転機をもたらしたネパールの青年 柏崎で再エネ普及に力を注ぐ
大学卒業後、都内の女子中・高校で国語教師として教壇に立つ。夏・冬などの長期休暇になると、ヒマラヤ山脈をはじめ世界中の名峰を訪れ、趣味のトレッキングを満喫。柏崎市に戻り市政に参加することは、考えていなかった。
しかし、ネパール・カトマンズのゲストハウスで知り合った青年の発言が、「故郷に戻り何かをしたい」という思いを呼び起こす。90年、イラクがクウェートに侵攻し、湾岸戦争が始まる。開戦を伝える新聞を手にした青年が、「クウェートを助けるためにネパールはグルカ兵を送る。大量の原油を買っている日本は何をするんだ」と詰め寄ってきた。「ネパールのような貧しい国の若者でさえ、自国にプライドを持ち、国の在り方を考えている」。青年の言葉が脳裏から離れず、郷里に戻り市議選への出馬を決意する。28歳の時だった。
日本で最初に石油精製が行われ、世界最大級の出力を持つ原発サイトがあるエネルギーの街、柏崎市。市議となり、石油、原子力に次ぐエネルギーとして再エネの将来性に注目し、環境問題にも取り組んできた。市長としても、脱炭素社会を視野に入れ、「エネルギーの街3・0」の構想を掲げている。地域エネルギー会社を中核企業として、再エネの電気を地域、また将来的には首都圏の需要家に届けたいというものだ。
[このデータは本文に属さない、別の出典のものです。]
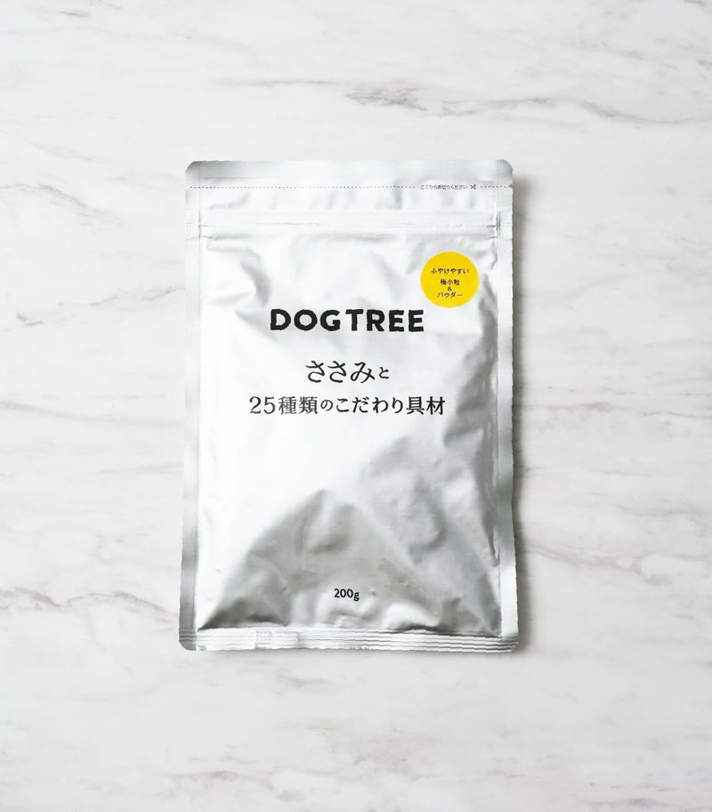 主原料は生ささみ。関節サポートの緑イ貝、大豆から作ったABM乳酸菌、スーパーフードのモリンガ、口臭ケアのシャンピニオン粉末など、厳選した25種類の具材を使用しています。

一方、依然逆風が強く吹く原子力。「日本経済を支えている低廉・安定的な電源であり、温室効果ガスを出さない環境エネルギー。運転には国家的な意義がある」と、原発について重要性の認識は変わらない。中でも柏崎刈羽の稼働については、その必要性を独自の視点で語る。
「福島第一原発事故の一義的な責任者は国であり、国を構成する国民一人ひとりに責任がある。本来ならば国民が福島の復興、賠償の費用を税、電気料金の値上げという形で負担するべきだ。しかし、そこには限界がある。誠に皮肉だが原発の再稼働により、東電が得る利益を復興、賠償に充てるしかない」
福島事故により、今も新潟県には原子力に対して否定的な考えを持つ人たちが少なくない。柏崎刈羽の再稼働では、民意をどう捉えるかが課題になる。困難な判断を迫られるが、「日本は代表民主制を取る。議会での議論を重視して、民意は議会を通して得ていく」。18年の県知事選での公約で〝県民の信を問う〟とした花角英世知事にも、「県議会を通した民意の把握をしていただきたい」と望んでいる。
幼少期からの趣味である登山では、アフリカ・キリマンジャロの山頂に立ったこともある。今も休日には、柏崎市周辺の山々でのトレッキングを楽しむ。フランスの哲学者、アランの著作を愛読。「雨の日に笑え」を座右の銘とする。